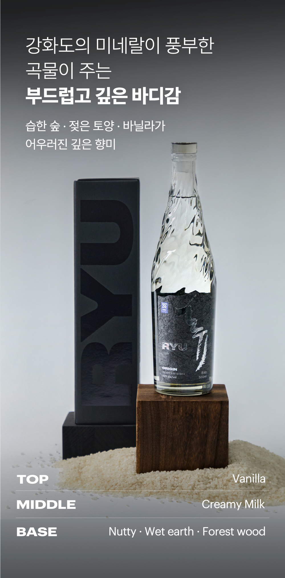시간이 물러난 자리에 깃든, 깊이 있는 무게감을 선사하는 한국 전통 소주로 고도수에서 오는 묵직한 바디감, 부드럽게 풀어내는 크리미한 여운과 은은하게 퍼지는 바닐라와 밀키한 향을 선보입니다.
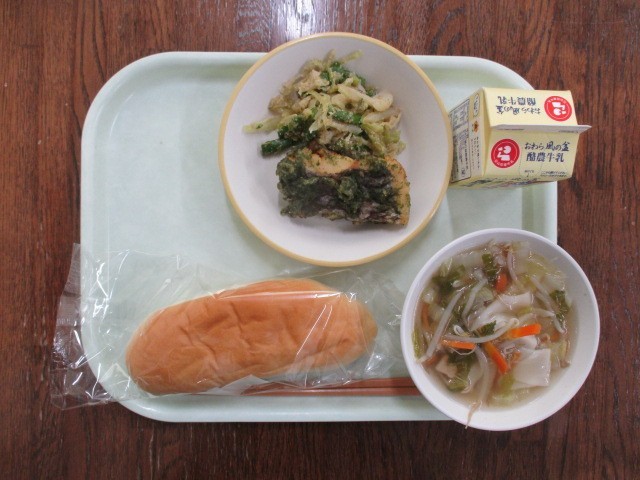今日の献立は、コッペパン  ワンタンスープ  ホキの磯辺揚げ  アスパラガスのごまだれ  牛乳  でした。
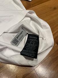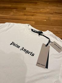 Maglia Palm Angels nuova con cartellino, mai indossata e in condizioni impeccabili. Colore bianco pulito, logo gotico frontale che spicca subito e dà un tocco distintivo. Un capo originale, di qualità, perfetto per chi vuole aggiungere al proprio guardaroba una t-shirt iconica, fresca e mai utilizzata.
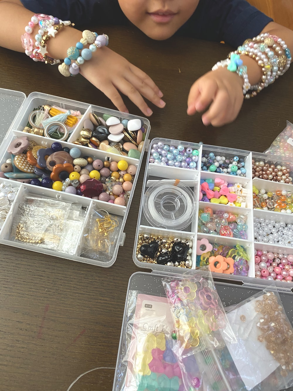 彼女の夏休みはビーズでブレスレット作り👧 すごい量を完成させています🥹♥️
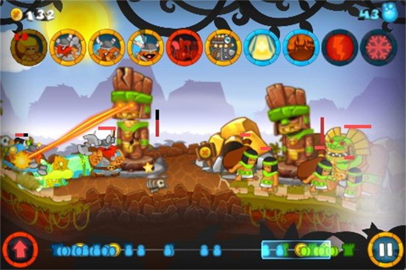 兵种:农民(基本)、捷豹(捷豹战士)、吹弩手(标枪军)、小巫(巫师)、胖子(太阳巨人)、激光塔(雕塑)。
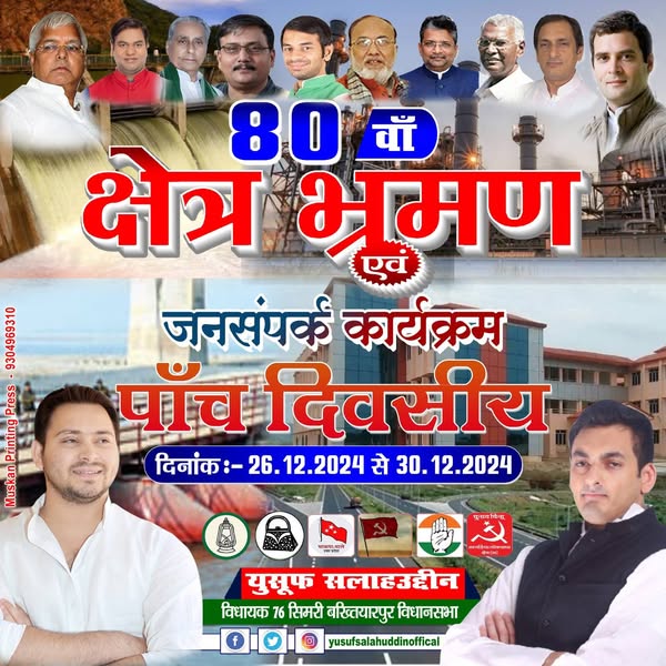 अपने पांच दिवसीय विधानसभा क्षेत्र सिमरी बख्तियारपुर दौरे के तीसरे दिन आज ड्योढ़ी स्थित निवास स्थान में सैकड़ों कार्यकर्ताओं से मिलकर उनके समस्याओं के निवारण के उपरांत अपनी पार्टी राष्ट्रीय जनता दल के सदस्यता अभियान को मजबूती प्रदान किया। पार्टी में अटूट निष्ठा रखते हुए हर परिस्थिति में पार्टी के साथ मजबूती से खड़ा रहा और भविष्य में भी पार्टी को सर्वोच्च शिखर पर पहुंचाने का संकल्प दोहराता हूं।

→ **Directions for this task**
Apart from the images, please copy every line of the data exactly as written.

→ **Exercise response**
시간이 물러난 자리에 깃든, 깊이 있는 무게감을 선사하는 한국 전통 소주로 고도수에서 오는 묵직한 바디감, 부드럽게 풀어내는 크리미한 여운과 은은하게 퍼지는 바닐라와 밀키한 향을 선보입니다.
今日の献立は、コッペパン  ワンタンスープ  ホキの磯辺揚げ  アスパラガスのごまだれ  牛乳  でした。
 Maglia Palm Angels nuova con cartellino, mai indossata e in condizioni impeccabili. Colore bianco pulito, logo gotico frontale che spicca subito e dà un tocco distintivo. Un capo originale, di qualità, perfetto per chi vuole aggiungere al proprio guardaroba una t-shirt iconica, fresca e mai utilizzata.
 彼女の夏休みはビーズでブレスレット作り👧 すごい量を完成させています🥹♥️
 兵种:农民(基本)、捷豹(捷豹战士)、吹弩手(标枪军)、小巫(巫师)、胖子(太阳巨人)、激光塔(雕塑)。
 अपने पांच दिवसीय विधानसभा क्षेत्र सिमरी बख्तियारपुर दौरे के तीसरे दिन आज ड्योढ़ी स्थित निवास स्थान में सैकड़ों कार्यकर्ताओं से मिलकर उनके समस्याओं के निवारण के उपरांत अपनी पार्टी राष्ट्रीय जनता दल के सदस्यता अभियान को मजबूती प्रदान किया। पार्टी में अटूट निष्ठा रखते हुए हर परिस्थिति में पार्टी के साथ मजबूती से खड़ा रहा और भविष्य में भी पार्टी को सर्वोच्च शिखर पर पहुंचाने का संकल्प दोहराता हूं।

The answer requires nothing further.